S'il fallait encore présenter Jiro Taniguchi, on le qualifierai facilement de "mangaka pour ceux qui n'aiment pas les mangas". Byebye les shonen à base de méga coups de poing et de têtes bizarres. À l'image de son ouvrage le plus connu Quartier lointain, les mangas de Taniguchi sont bien plus poétiques, bien lents, avec un dessin qui se veut plus épuré (dans ses personnages), et plus réalistes. Alors, quand le musée du Louvre lui commande une BD (une collaboration entre l'institution et l'éditeur Futurapolis, au sein d'une collection comptant une quinzaine de livres), c'est pour Taniguchi une occasion en or : lui qui se dit passionné d'art !

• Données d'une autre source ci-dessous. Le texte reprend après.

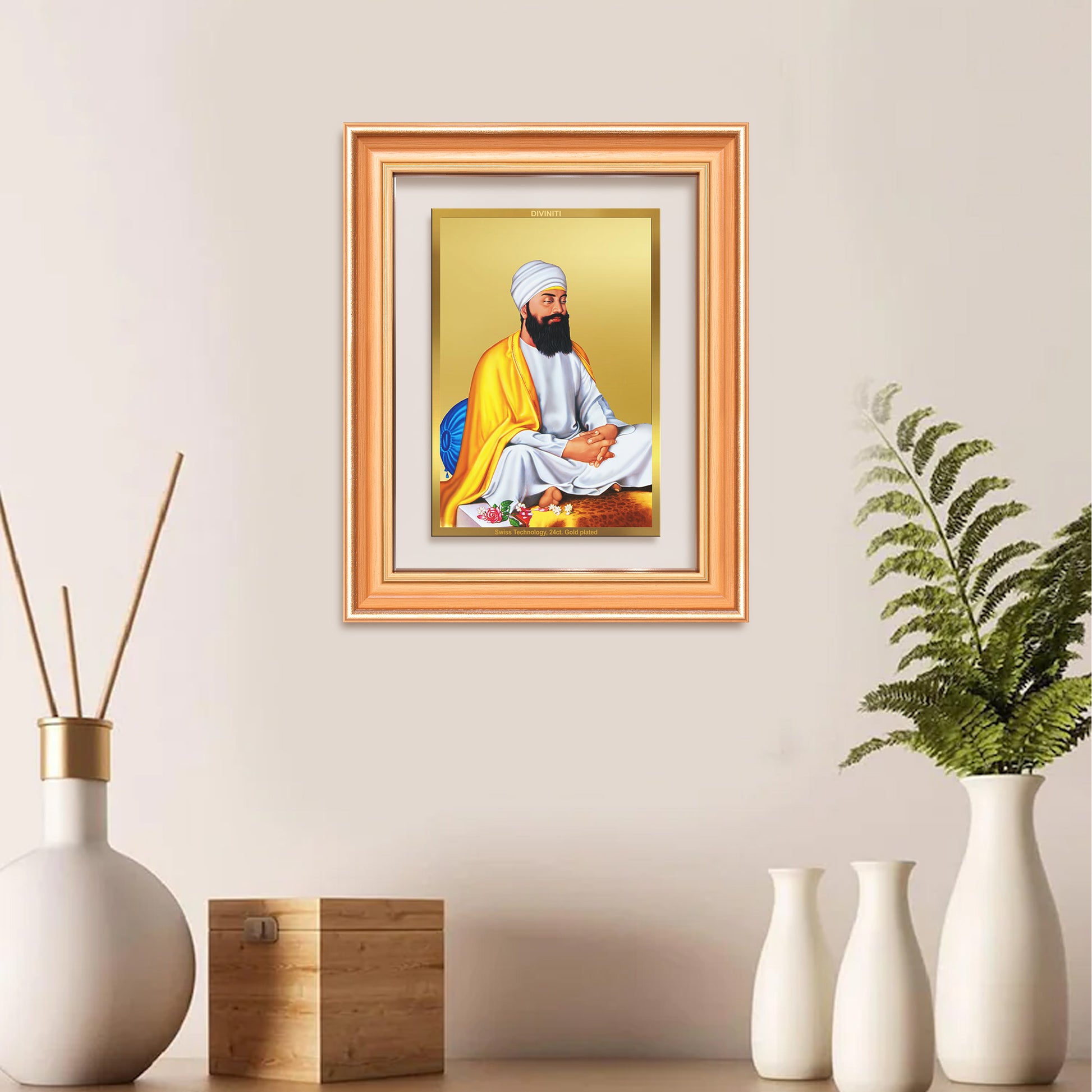 Bring home the spiritual presence of Guru Tegh Bahadar Sahib Ji with this exquisite 24K gold-plated foil Wall Mount Photo Frame. Revered as the ninth Guru of Sikhism, Guru Tegh Bahadar Ji is remembered as the Hind di Chadar—the protector of faith, known for his supreme sacrifice, courage, and deep spiritual wisdom.

Un des pièges à représenter le Louvre en BD est de succomber à "l'effet carte postale". Ce que je veux dire, c'est qu'il y a le risque de vouloir montrer plein de tableaux, mais de trop rester à la surface des choses : certes c'est beau, mais on passe vite à autre chose. Et c'est dans ce piège que tombe pleinement Les Gardiens du Louvre. À travers une intrigue un peu fade (il n'y a pas vraiment d'histoire, les parties n'ont rien à faire ensemble...), on nous montre rapidement 2-3 trucs (La Victoire de Samothrace, les peintures de Corot... et on passe à autre chose). Autrement dit, l'histoire est rapidement évacuée, mais les œuvres sont également rapidement évacuées. Et on ressort avec le triste sentiment de n'avoir rien lu... Pour un soit-disant passionné d'art, on regrette qu'il ne nous informe pas davantage dessus.
S'il fallait comparer cette BD avec quelque chose qui n'a rien à voir, ce serait le diptyque Revoir Paris avec François Schuiten et Benoit Peeters. Ils racontent Paris en 2156, et donc présente les monuments connus de tous, mais ils ont une histoire, et s'inscrivent dans un univers. Ce qui fonctionne chez les franco-belges et pas avec ce manga, c'est que Taniguchi se limite à "regarde ce tableau. Il est beau."
Oeuvre quelque peu superficielle, Les Gardiens du Louvre ne fait qu'effleurer son sujet. S'il se lit d'une traite, c'est qu'il n'a pas grand chose à se mettre sous la dent. En reste heureusement la qualité du dessin, toujours d'une beauté onirique et légère.